American actress (1916–2011)

Helen Beverley (November 9, 1916 - July 15, 2011) was an American film and stage actress who began her career in Yiddish theater and films. She was sometimes credited as Helen Beverly.

==Early life==
Beverley was born in Boston, Massachusetts, the daughter of Russian-Jewish immigrants, Anna and Louis Smuckler, both of whom acted in stock theater in Boston. She supplemented the normal education for children by taking classes in drama and by studying dancing with Ruth St. Denis and the Denishawn dancers.
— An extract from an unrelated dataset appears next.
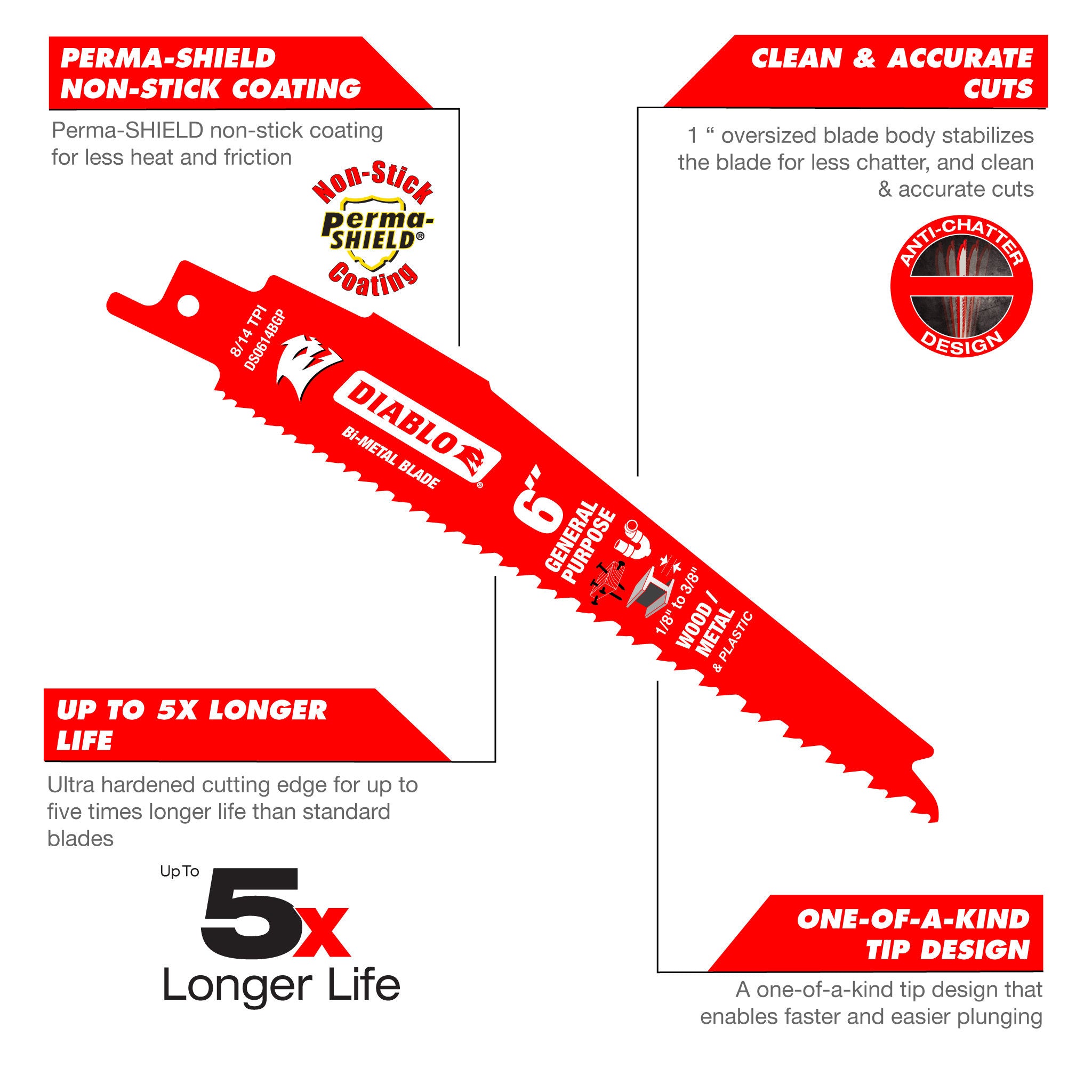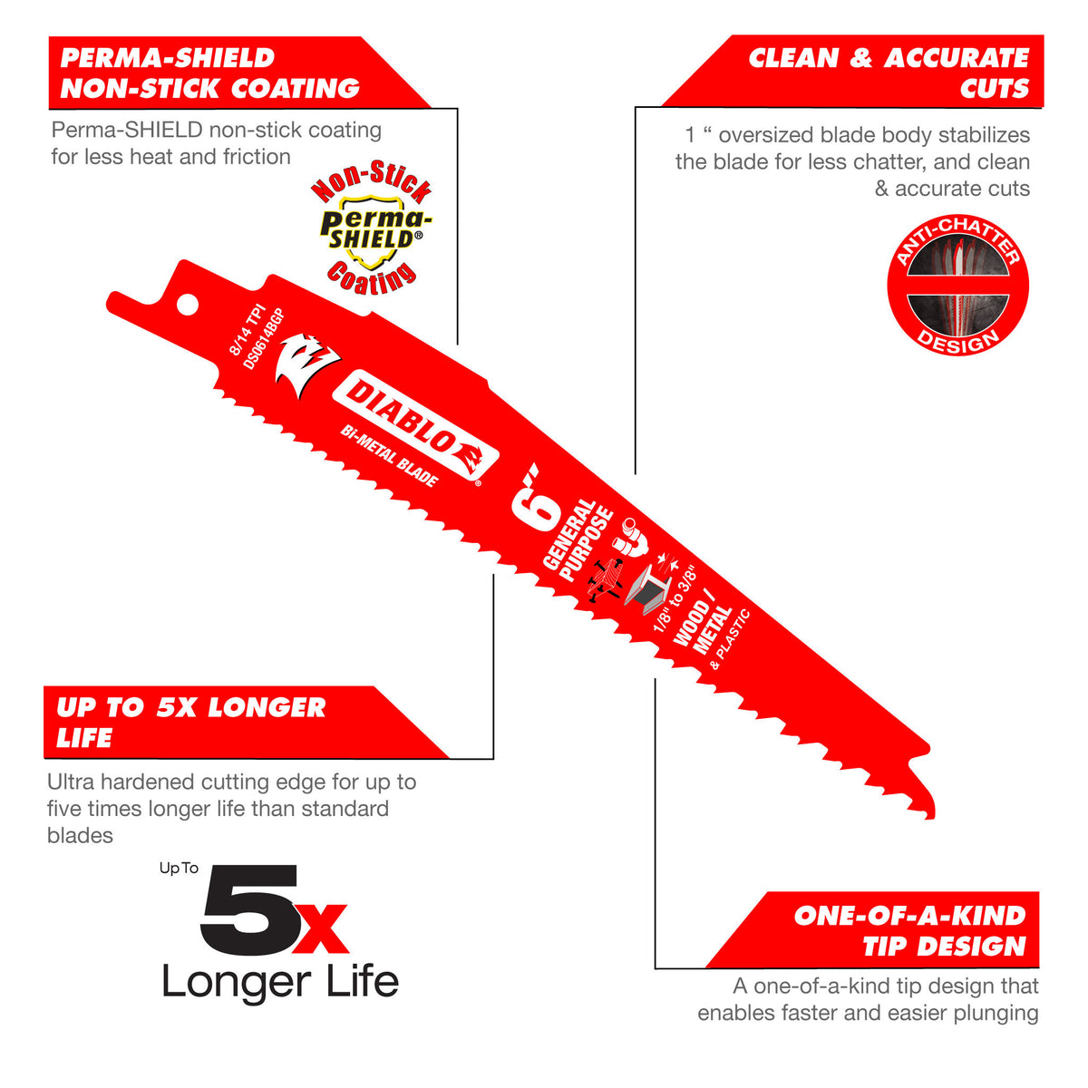 Diablo's reciprocating saw blades are specifically designed for maximum performance in general purpose (nail-embedded wood and metal) applications. These high performance blades feature bi-metal technology that delivers up to five times longer life of standard blades on the market. Diablo's patented variable tooth technology provides faster cuts with less vibration.
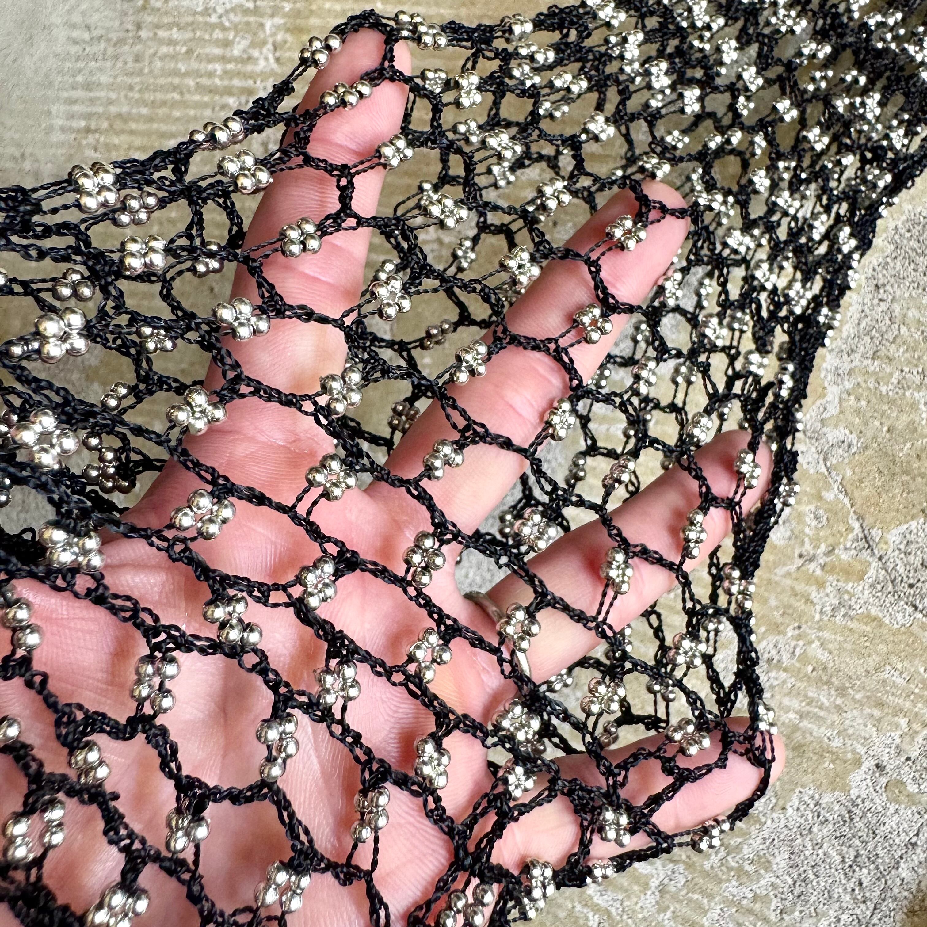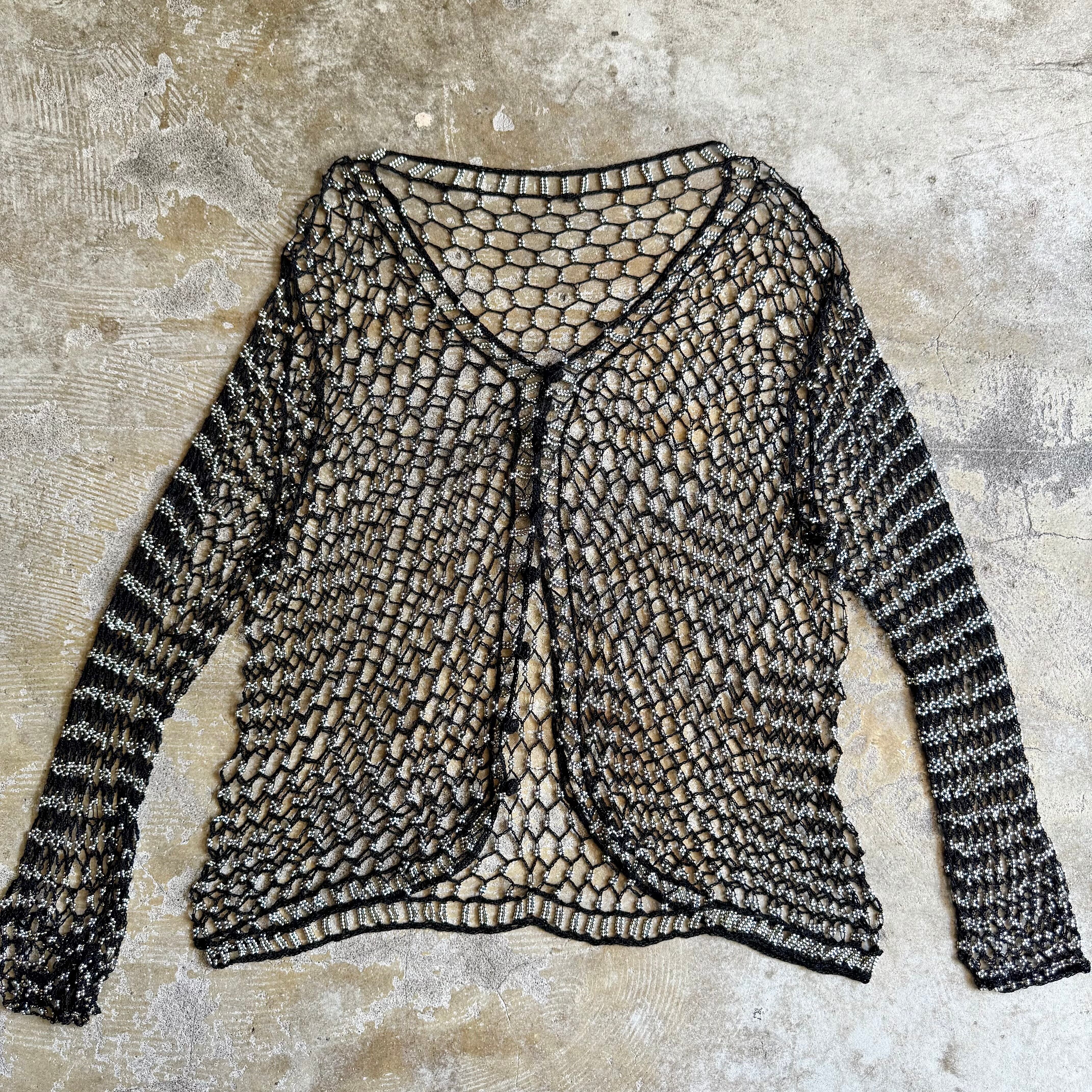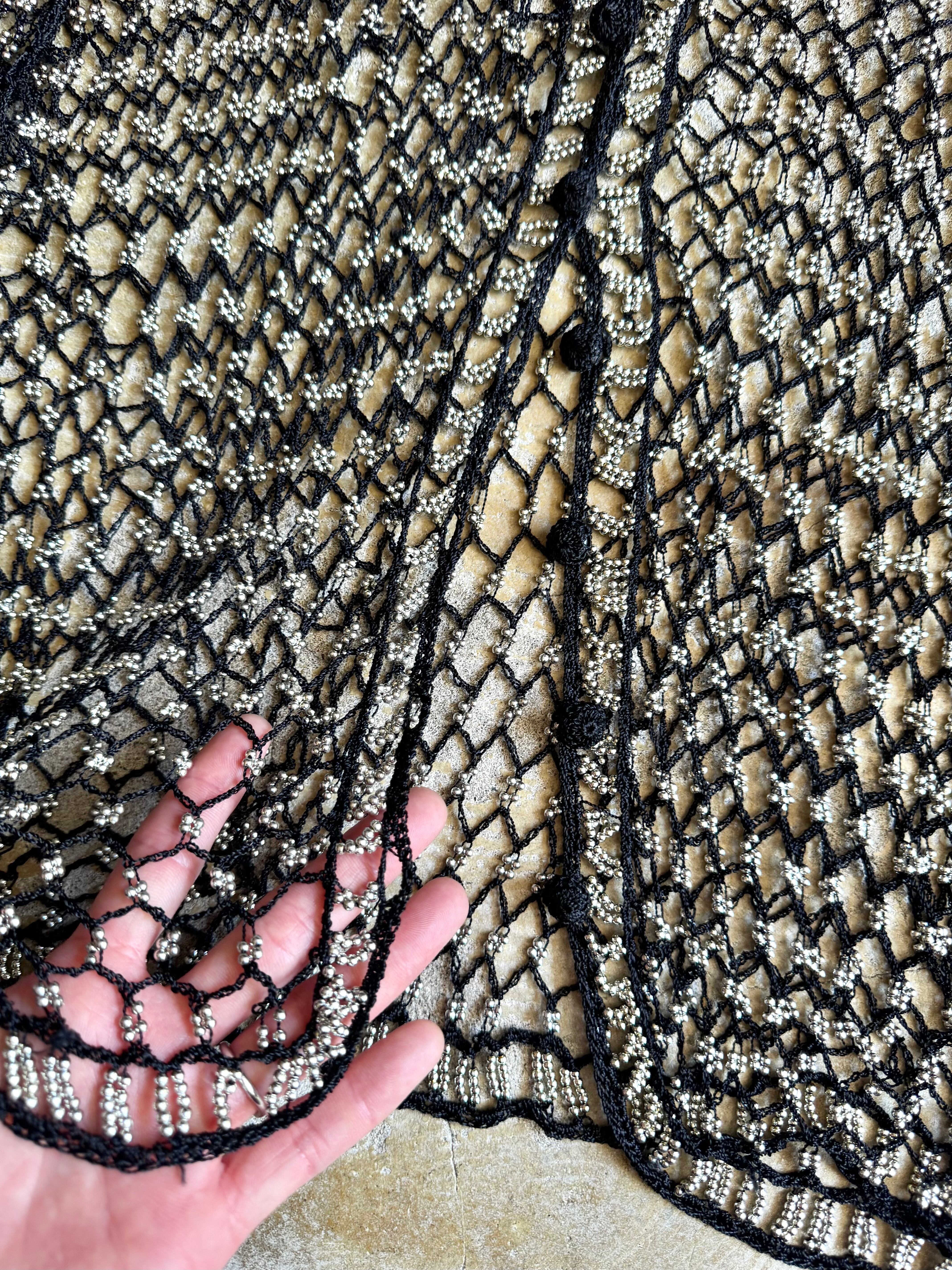 ブラックの鍵編みにシルバーのビーズが施されたカーディガン。Tシャツやワンピース等、様々なアイテムとのレイヤードで、通年でお楽しみいただけます。

She gained early acting experience with the semi-professional Ibsen Players in New York.

==Career==
Beverley began her career in Yiddish theater and the Yiddish-language films, including a starring role in Peretz Hirshbein's Green Fields in 1937. Screenwriter Hirshbein adapted the film from his 1916 play of the same name and cast Beverley in the lead role. The National Center of Jewish Cinema has praised Green Fields, saying the film "heralded the Golden Age of Yiddish cinema."

She next starred in The Light Ahead, a 1939 film directed by Edgar G. Ulmer and filmed in New Jersey. She also appeared in the 1940 Yiddish film, Overture to Glory about a cantor. Her sole Broadway role was in Clean Beds in 1939.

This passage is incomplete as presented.